Filtering and transforming

import pandas as pd

df = pd.read_csv("sales.csv")

# Filter rows where revenue > 1000
high_value = df[df["revenue"] > 1000]

# Group by region and sum
by_region = df.groupby("region")["revenue"].sum().reset_index()

# Add a calculated column
df["margin"] = df["revenue"] - df["cost"]

# Export back to CSV
df.to_csv("sales_processed.csv", index=False)

Chunked processing for large files

import pandas as pd

chunk_size = 10000
total = 0

for chunk in pd.read_csv("large_file.csv", chunksize=chunk_size):
    total += chunk["revenue"].sum()

print(f"Total revenue: {total}")

Handling encoding issues

import pandas as pd

# Try common encodings if UTF-8 fails
for encoding in ["utf-8", "latin-1", "cp1252"]:
    try:
        df = pd.read_csv("data.csv", encoding=encoding)
        break
    except UnicodeDecodeError:
        continue

Explanation

The csv module is lightweight and memory-efficient because it reads one row at a time. Use it for simple tasks where you just need to iterate over rows.

pandas loads the entire file into a DataFrame (in-memory). This gives you vectorized operations, filtering, grouping, and joins. For files larger than RAM, use chunksize to process in batches.

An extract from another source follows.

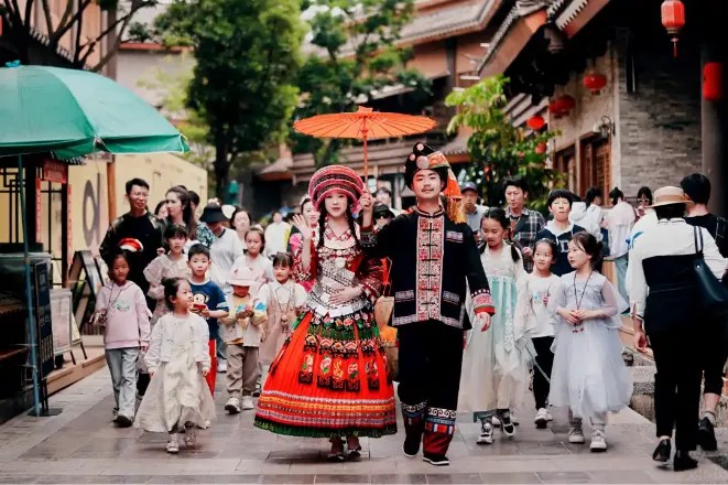 據(jù)悉,“阿詩夢”產(chǎn)品線以云南特色民族民間文化為核心,旨在為外地游客提供沉浸式體驗(yàn)。在場景創(chuàng)新層面,滇池后海打造了具有云南民族特色的街區(qū),如白族三坊一照壁、傣族竹樓、苗族風(fēng)雨橋等,還定期舉行民族舞蹈、音樂表演。與此同時(shí),項(xiàng)目通過與當(dāng)?shù)厮囆g(shù)家、設(shè)計(jì)師的合作,推出了一系列具有云南特色的文創(chuàng)產(chǎn)品,如千言李白原創(chuàng)IP系列產(chǎn)品、非遺瓦貓等。在科技應(yīng)用上,項(xiàng)目也不斷探索和創(chuàng)新。通過引入會員系統(tǒng)、客流監(jiān)控系統(tǒng)、移動支付、在線預(yù)訂等科技手段,提高了商業(yè)街區(qū)的運(yùn)營效率和游客的消費(fèi)體驗(yàn)。

Key parameters in read_csv:

  • sep — delimiter (default ,, but \t for TSV)
  • encoding — file encoding (try latin-1 if UTF-8 fails)
  • dtype — specify column types to avoid pandas guessing wrong
  • parse_dates — auto-parse date columns
  • na_values — custom strings to treat as NaN

Variants

ApproachLibraryMemoryUse When
DictReadercsv (stdlib)LowSimple row iteration
pandas read_csvpandasHighFiltering, grouping, joins
Chunked readpandasBoundedFiles larger than RAM
Daskdask.dataframeDiskFiles > 10GB, parallel processing

Guidelines

  • Specify encoding="utf-8" explicitly. Do not rely on platform defaults.
  • Use dtype to prevent pandas from inferring wrong types on large files.
  • Set low_memory=False if you get dtype warnings on mixed-type columns.
  • Use chunksize for files above 500MB to avoid memory pressure.
  • Strip whitespace from column names with df.columns = df.columns.str.strip().

Common Mistakes

  • Forgetting newline="" in open() with the csv module on Windows. This causes extra blank rows.
  • Letting pandas infer dtypes on mixed columns. It may silently convert strings to NaN.
  • Not handling encoding. Files from older systems often use latin-1 or cp1252.
  • Loading entire files into memory when chunked processing would work.
  • Ignoring quoting issues. Use quoting=csv.QUOTE_ALL if fields contain commas.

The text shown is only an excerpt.